I have this problem, I need to find the smallest possible solution
$$x \equiv 3 \pmod{10}, \\ x \equiv 11 \pmod{13}, \\ x \equiv 15 \pmod{17}.$$
I used Chinese remainder theorem and found that: $x_1=3, x_2=11$ and $x_3= -45$??
The solutions would be congruent to $v= (13\times17)\times3 + (10\times17)\times11 + (10\times13)\times (-45) = -3317 \pmod{10\times13\times17}$. Is that the smaller solution?

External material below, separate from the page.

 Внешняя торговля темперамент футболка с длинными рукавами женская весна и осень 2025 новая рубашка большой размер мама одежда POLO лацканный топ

Is $x_3= -45$ correct?
Let's see: $10 \times 13 \times 17 = 2210$. Then we find $$1 \times \frac{2210}{10} = 221 \equiv 1 \pmod{10},$$ $$1 \times \frac{2210}{13} = 170 \equiv 1 \pmod{13},$$ $$14 \times \frac{2210}{10} = 1820 \equiv 1 \pmod{17}.$$ Then we add up $$3 \times 1 \times 221 + 11 \times 1 \times 170 + 15 \times 14 \times 130 = 663 + 1870 + 27300 = 29833.$$ Now, $29833$ is a solution of the congruences above, but it's not the smallest positive solution. It's the remainder of this: $$29833 = \frac{28730}{2210} + 1103.$$ Now check that $$1103 \equiv 3 \pmod{10},$$ $$1103 \equiv 11 \pmod{13},$$ $$1103 \equiv 15 \pmod{17}.$$
So you did your calculations kind of different from what I would have done, but you can still get at the right answer just the same. Note that $1103 - (-3317) = 4420$, which is twice $2210$. This means that $-3317 + 4420 = 1103$ still gives you the smallest positive answer which I found with a different $x_3$.

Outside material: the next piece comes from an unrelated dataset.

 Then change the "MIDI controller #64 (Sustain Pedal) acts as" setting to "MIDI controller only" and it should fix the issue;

First, we deal with the last two, which state $x\equiv-2\pmod{13}$ $x\equiv-2\pmod{17}$ So by the Chinese Remainder Theorem, $x\equiv-2\pmod{221}.$ We have to solve this for $x\equiv3\pmod{10}.$ First, we set it to $x\equiv219\pmod{221}$ and we need to add enough $221$'s (note that $219$ is the least integer that satisfies the last two equations) so that we finally have the first modular equation satisfied. This leads to $x\equiv219+221+221+221+221=119+884=\boxed{1103}\pmod{2210}.$ The smallest positive integer that satisfies this is $\boxed{1103},$ evidently.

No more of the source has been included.